RECORDS SUPPLIED:

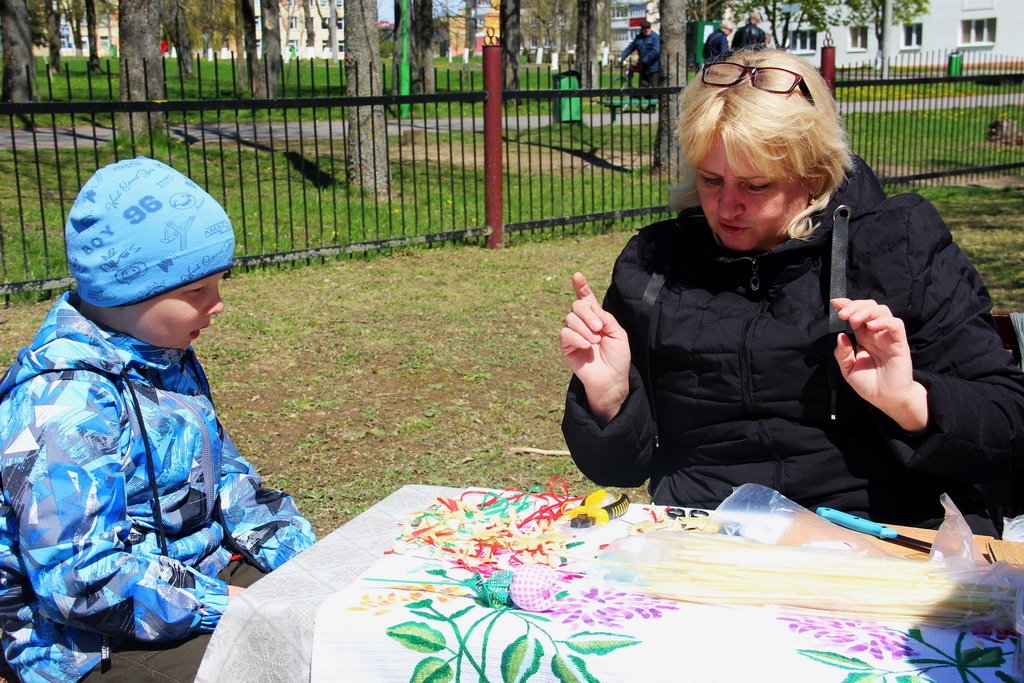 На тематических площадках музея Белки и Берестовицкого Дома ремесел, работавших на празднике в Большой Берестовице, были проведены мастер-классы по изготовлению своими руками символов 9 Мая – «Яблоневого цвета» и «Победной звезды».
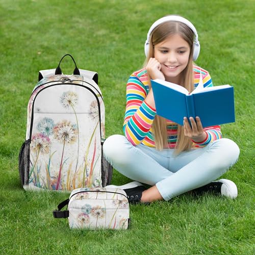 Watercolor Dandelions Flowers Backpack with Lunch Bag for Kids Boys Girls Travel School Backpack Set 3
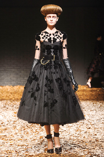 McQ’s AW2012 line commences with sexy and authoritative Eastern-European-esque outerwear; expertly-crafted, wooly, neutral hourglasses for the McQueen woman who, even at a lower-price point, feels like a masterpiece. It’s a scientific fact that any object appearing in a lit space will have a shadow. And, I think it’s a design fact that any McQueen creation in a lit space will have a more mysterious shadow than any object around it. What is this exquisite, “savage” darkness that follows and sways around each garment and wearer; perhaps it is a kill; perhaps it is the collective spirit of feathers that shingle it’s form (the peakock’s ghostly, all-seeing eye); perhaps it is the final punctuation for the poem born into any cloth that breathes among the scraps that Lee (Alexander) McQueen once touched.
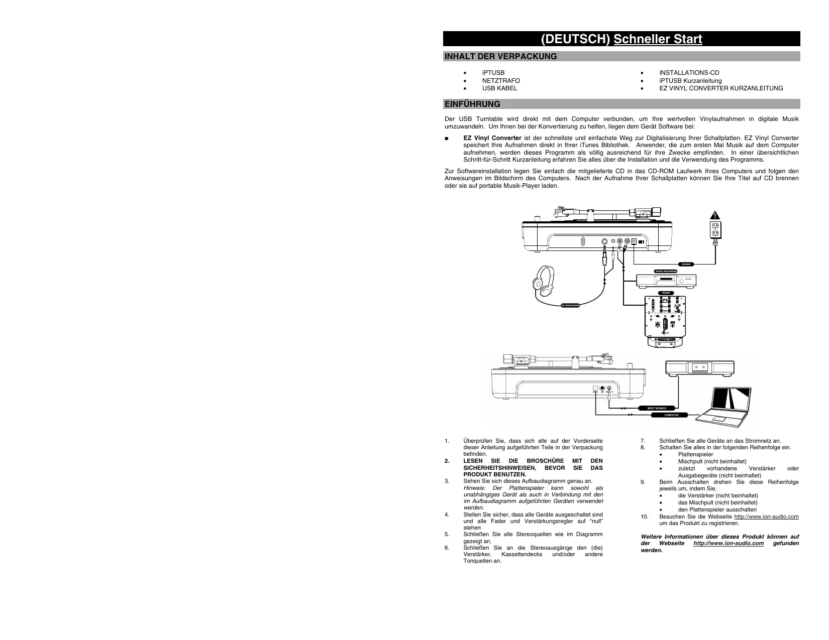 IPTUSB - Plattenspieler ION - Kostenlose Bedienungsanleitung
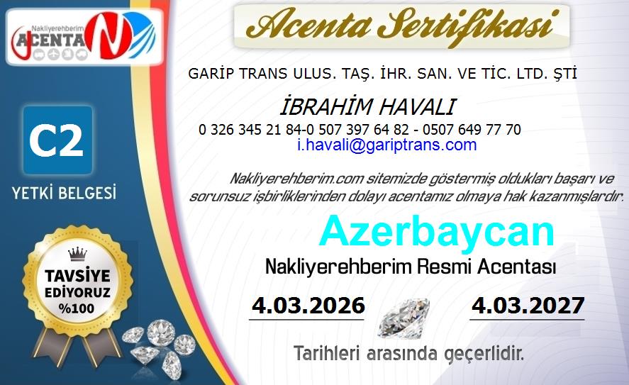 Yetkili Kişi: İBRAHİM HAVALI Telefon: 0 326 345 21 84 Gsm: 0 507 397 64 82 - 0507 649 77 70 E-Posta: i.havali@gariptrans.com |
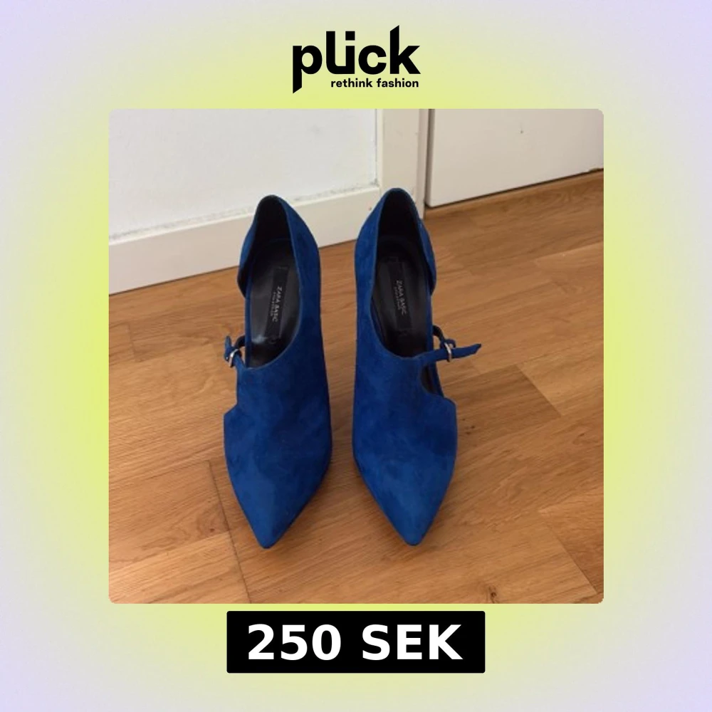 Snygga pumps i klarblå mocka från Zara med spetsig tå och hög klack. Skorna har en cool cut-out detalj på sidan och ett smalt spänne över foten. Perfekta för dig som vill sticka ut med färg och stil. Riktigt trendig siluett och elegant finish.
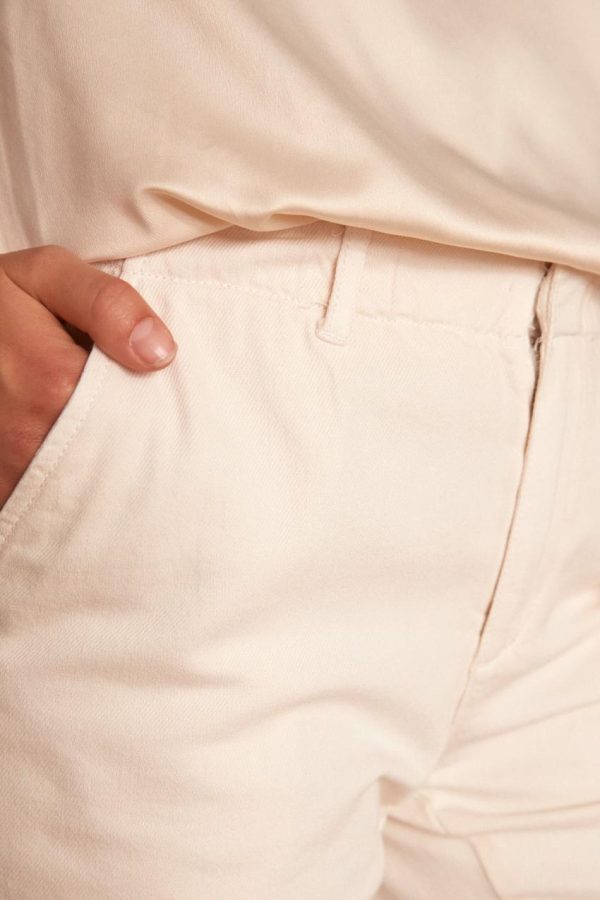Sa coupe chino sophistiquée et sa taille élastiquée s’adaptent avec grâce à toutes les silhouettes. Confectionné en coton précieux, sa texture offre une sensation plus voluptueuse que le denim. Indispensable pour les mi-saisons, sa couleur crème sublime toutes les tenues.
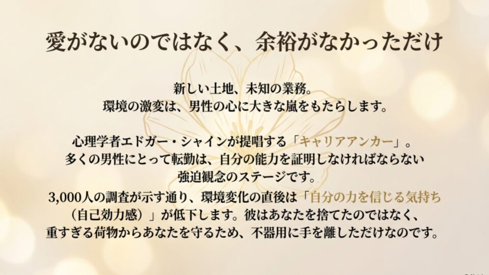 ある調査(被験者3,000人のビジネスマンを対象とした動機付け研究)では、環境変化の直後は「自己効力感(自分の力を信じる気持ち)」が一時的に低下することが示されています。今の彼は、あなたを愛する自信すら失っている状態なのです。
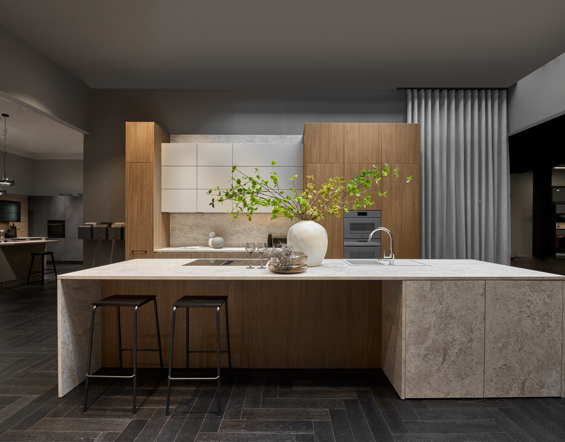 針對高端住宅與小坪數、開放式空間常見的收納與動線挑戰,Häcker的 Systemat系列透過更深的櫃體規劃、SLD纖薄抽屜系統與感應式燈光配置,在最佳比例中創造出109%的實際收納量,使廚房在視覺上保持俐落,且同時滿足高頻率使用需求。材質選擇上,涵蓋單板、天然石材、亞麻油氈、金屬烤漆等高階門板飾面,極豐富的選擇可按照需求與喜好,組裝出20-30種不同風格的廚房。Systemat的精緻客製設計,與廚房規劃的高度靈活性,讓即使是小坪數空間,也能兼顧機能、秩序與整體美感。
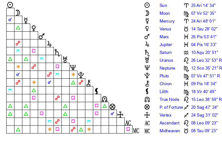 | Moon | 7 Virgo 49 | 25 Scorpio 10 | 21 Sagittarius 21 |
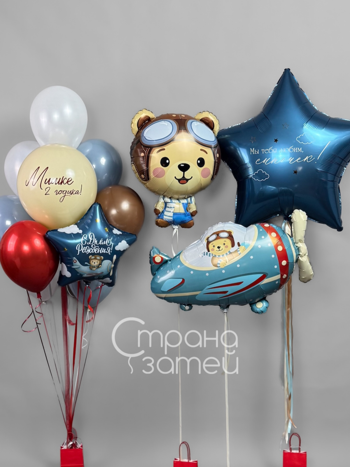 Большая звезда, мишка-пилот, самолёт и фонтан пастельных шаров создают атмосферу полёта и ярко смотрятся на фото.
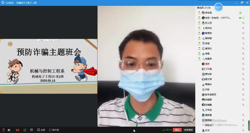 2020年是个特殊的一年,虽然在疫情遍布全球,但是违法犯罪份、分子依旧很活跃,尤其的电信诈骗分子;为此机电17-本2班召开了“防电信诈骗”线上主题班会。

PROBLEM REQUIREMENTS: What you write must match, line for line, the records from the line containing "Большая звезда, мишка-пилот, самолёт" through the last line, with every picture left out.

OUTPUT OF THE EXERCISE:
 Большая звезда, мишка-пилот, самолёт и фонтан пастельных шаров создают атмосферу полёта и ярко смотрятся на фото.
 2020年是个特殊的一年,虽然在疫情遍布全球,但是违法犯罪份、分子依旧很活跃,尤其的电信诈骗分子;为此机电17-本2班召开了“防电信诈骗”线上主题班会。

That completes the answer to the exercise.